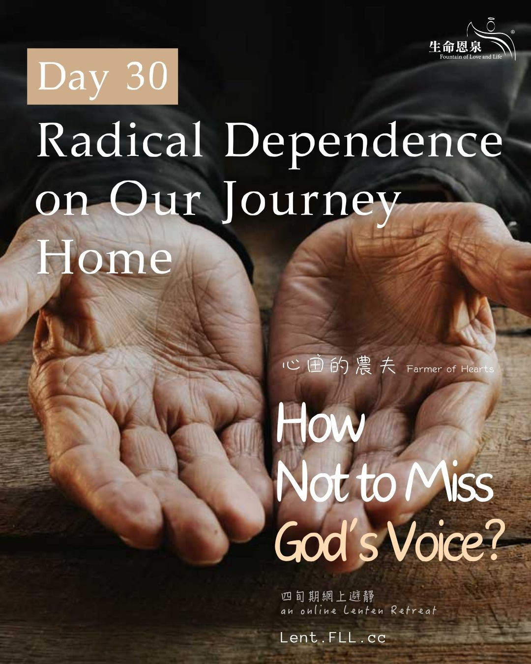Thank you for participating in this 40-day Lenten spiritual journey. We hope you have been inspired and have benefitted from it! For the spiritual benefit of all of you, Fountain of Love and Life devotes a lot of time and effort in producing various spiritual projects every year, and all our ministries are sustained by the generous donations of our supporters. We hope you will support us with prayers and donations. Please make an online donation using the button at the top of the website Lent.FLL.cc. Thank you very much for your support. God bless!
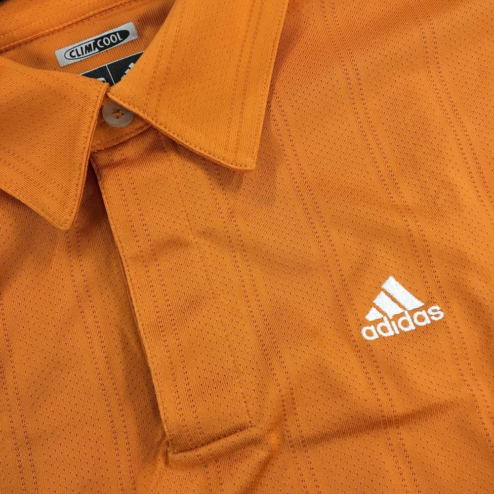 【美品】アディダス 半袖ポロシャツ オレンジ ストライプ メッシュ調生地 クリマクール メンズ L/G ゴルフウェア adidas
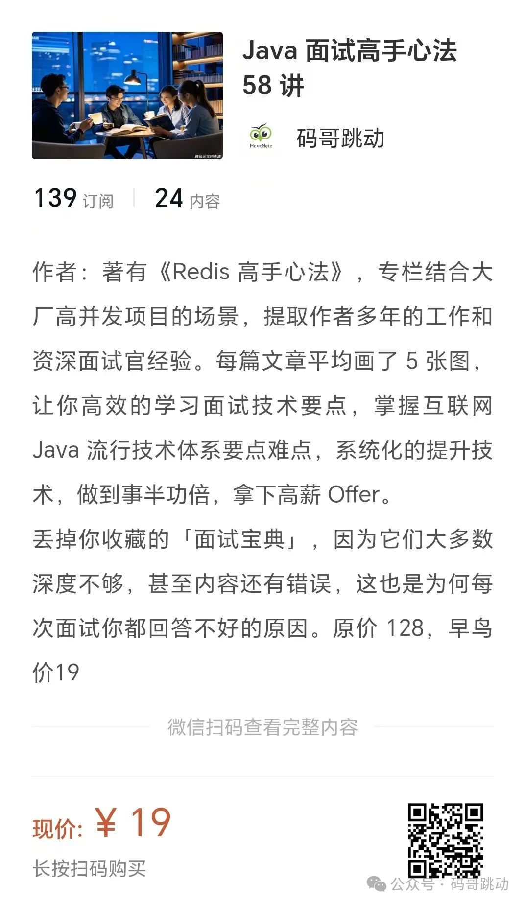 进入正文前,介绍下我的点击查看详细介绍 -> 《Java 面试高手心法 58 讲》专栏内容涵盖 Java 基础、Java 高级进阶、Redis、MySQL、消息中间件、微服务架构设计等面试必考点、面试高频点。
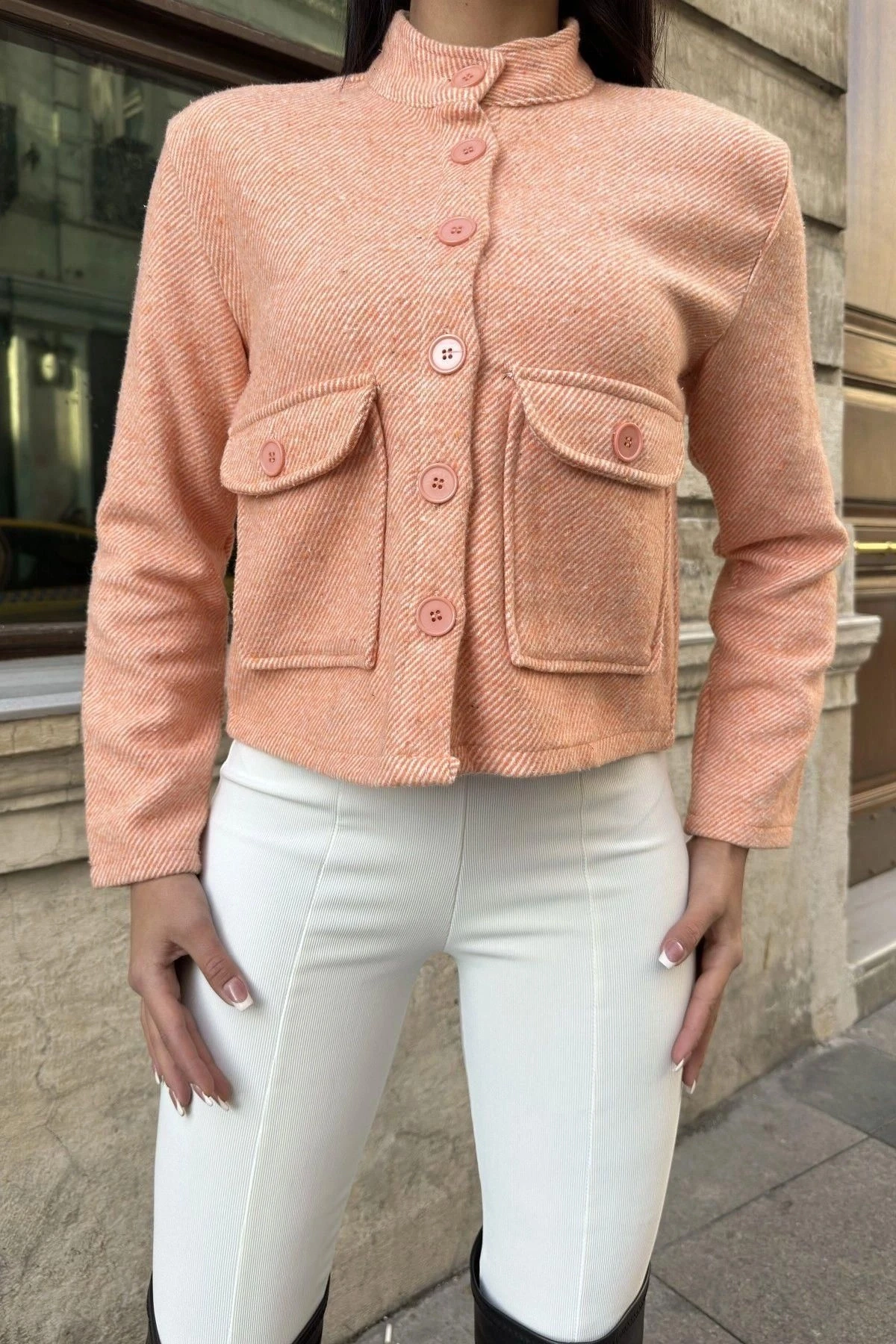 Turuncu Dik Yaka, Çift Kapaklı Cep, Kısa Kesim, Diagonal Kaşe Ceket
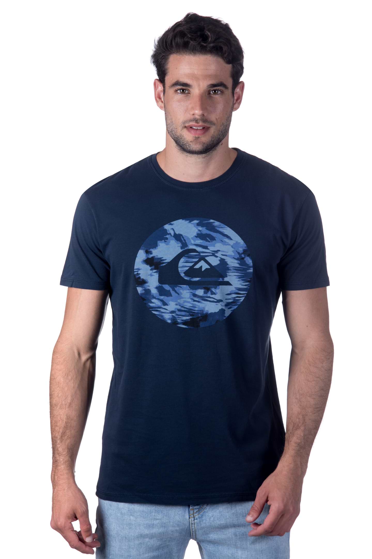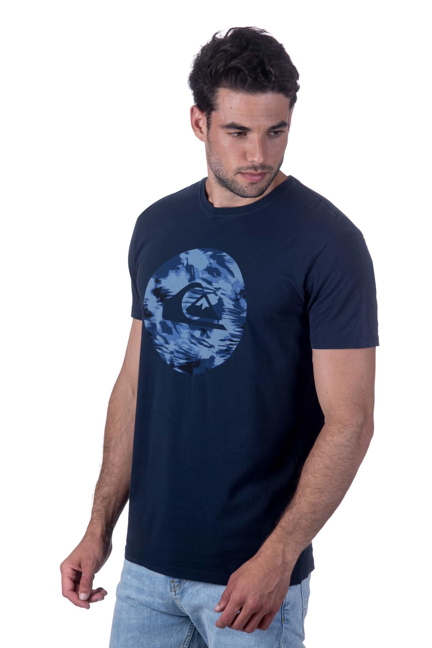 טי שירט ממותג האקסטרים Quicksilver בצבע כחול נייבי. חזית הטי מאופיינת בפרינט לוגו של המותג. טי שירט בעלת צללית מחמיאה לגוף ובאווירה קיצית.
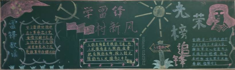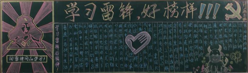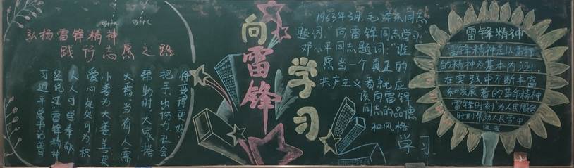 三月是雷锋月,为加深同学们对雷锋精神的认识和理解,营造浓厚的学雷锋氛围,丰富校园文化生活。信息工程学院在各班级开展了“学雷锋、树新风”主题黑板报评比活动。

#####

### TASK DESCRIPTION
Which lines fall between the one containing "טי שירט ממותג" and the last line of the listing, both included? Give them again exactly, without the pictures.

### YOUR SOLUTION
 טי שירט ממותג האקסטרים Quicksilver בצבע כחול נייבי. חזית הטי מאופיינת בפרינט לוגו של המותג. טי שירט בעלת צללית מחמיאה לגוף ובאווירה קיצית.
 三月是雷锋月,为加深同学们对雷锋精神的认识和理解,营造浓厚的学雷锋氛围,丰富校园文化生活。信息工程学院在各班级开展了“学雷锋、树新风”主题黑板报评比活动。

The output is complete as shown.